On n’a pas vu une fleur épanouie depuis des mois, peut-être même des années. Une couronne de pétales humides, un cœur gonflé de pollen, chaud de pollen, ruisselant de pollen, des traces de terre encore trempée, salissant des racines à la tête. Ce n’est pas du simple nymphéa de musée dont on parle, pas de ces touches de pigments éparses seulement durcies par le temps et l’effort. Pas davantage de bouquets bien choisis de fleuriste courtois. Pas de ces imprimés dont on couvrirait un pull pour le vendre au prix du marché. Mais de la fleur plantée dans le sol. De la couleur à même le ras de la boue, en pleine lumière brûlante tombant en pluie du ciel. On n’a pas vu ça. On n’a pas vu cet éclatement, cette vie qui rampe et se montre sans seulement le vouloir, trouée de ronces, de haies ou de bruyère, à juste hauteur des doigts d’un gosse jouant à s’enlaidir. L’ouverture d’un bourgeon, délivrance des arômes. Combien de printemps qu’on ne l’a pas vu ? On l’aurait presque oublié.
Sommeillant, continuant.
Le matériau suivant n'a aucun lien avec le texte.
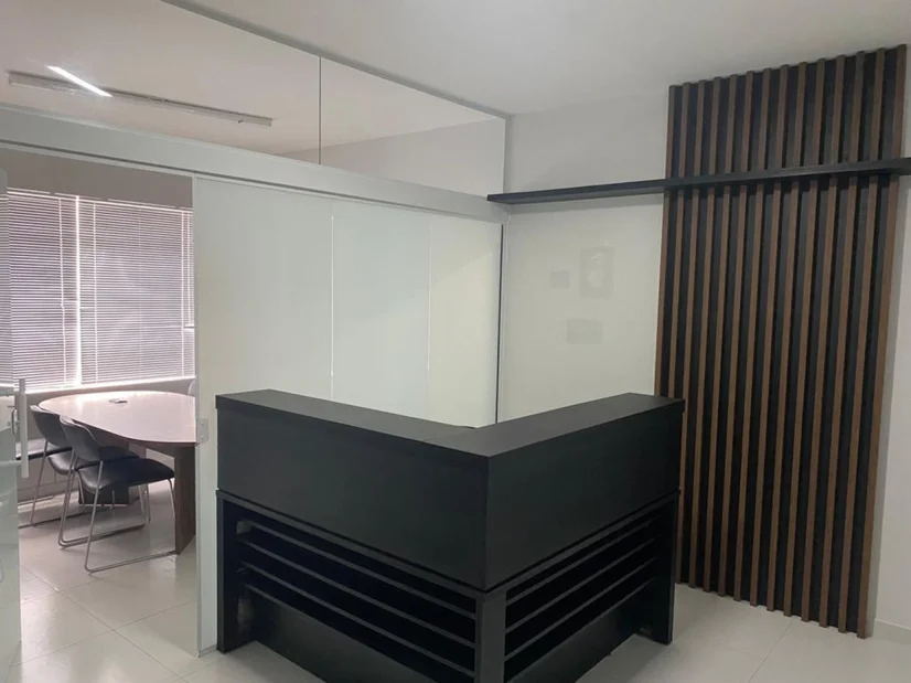 Entrada que se divide em dois ambientes distintos: recepção e área de trabalho
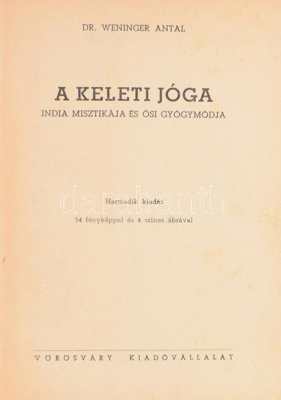 Dr. Weninger Antal: A keleti jóga. India misztikája és ősi gyógymódja. H.n., Vörösváry Kiadóvállalata. Kiadói félvászon kötés, gerinc szakadt, kopottas állapotban.

Déballé en faune urbaine, se reposant à l’aura du lampadaire, puis de son suivant, de flaque de clarté en clarté de flaque, craignant l’abysse les séparant, à chaque escale un peu plus hésitant, cette peur de ne pas atteindre la suivante pourtant pas si lointaine. Vie nocturne. Depuis longtemps. Quadrillée en coins de rue, échoppes et postes téléphoniques vétustes. Qui s’arpente sans le temps pour comprendre. Glisse et furète, court serrant à la corde autant qu’il est possible, traverse la voie au plein milieu du rien, pas trop contempler pour ne pas sentir le danger, son cri, qu’on entend parfois. Toute traverse prend le tour d’une évasion : limiter les intermédiaires, voisiner l’invisible, col du caban remonté aux yeux, chapeau baissé jusqu’à la ligne des sourcils avec son bord qui joint la parallèle du nez. Volonté et organes coordonnés. D’un point à un autre, sans détour. S’en tenir exactement à ce que l’écran indique. Gauche. Droite. Au bon moment. Et éviter de lever le regard. Toujours filant droit et précis, pas extravagant. S’il le faut jouer des coudes, faire son trou juste dans le bout de gras de la masse. Jamais la contourner. Jamais. Perforer.
Nuit noire où toutes étoiles sont noires. Du béton au béton. Noir. La ville lavée de noir, suie qu’aurait dévalé de la gueule du ciel, étalée à pans de ces murs comme peints dans leur plus sombre artifice, coulée sans roche, sans morceau, épaisse et unifiée, qui s’épand, s’épand, continuera de le faire. Lourd drap déposé sur la ville. Au début provisoire. Puis malignement cloué dans le sol pour éviter qu’on le souffle. Cette ombre, cloison mate qui enterra tout le reste et consomma, à petit feu, les resquillages possibles. Les hommes expropriés de la lueur du jour et qui s’en tiennent à ce qu’on veut bien leur laisser. Cette nuit plus effarante que toutes parce que sans jour avec lequel se donner la réplique. Bon nombre se souviennent de ce que ça voulait dire, « aube », mais pour les autres c’est comme une couleur jamais vue, invisible même du gros œil qu’on a dans la tête, une foi éteinte et qu’on ne peut pas faire plus que savoir, certainement pas vivre. Plus de matinée, plus de jour qui se lève, plus d’astre solaire, plus même de chant du coq. Comprenez. Même plus de virée nocturne. Le grand sombre a chuté sur la terre, déséquilibré par la fuite de son frère lumineux. Il a perdu jusqu’à même ce qu’il pouvait contenir d’excitant, de mystérieux, cet espace de transgression offrant l’opacité que nécessiterait une dispersion hors la clarté souveraine. S’y pouvaient choquer des mondes que rien n’aurait prédis. La mine du globe possédait encore son envers, lieu affranchi et toujours à conquérir, à digérer dans la continuité du civilisé. La nuit. Ce qu’ignorait le planificateur, c’était que celle-ci allait tout absorber et réduire à son uniformité — son uniformité à elle.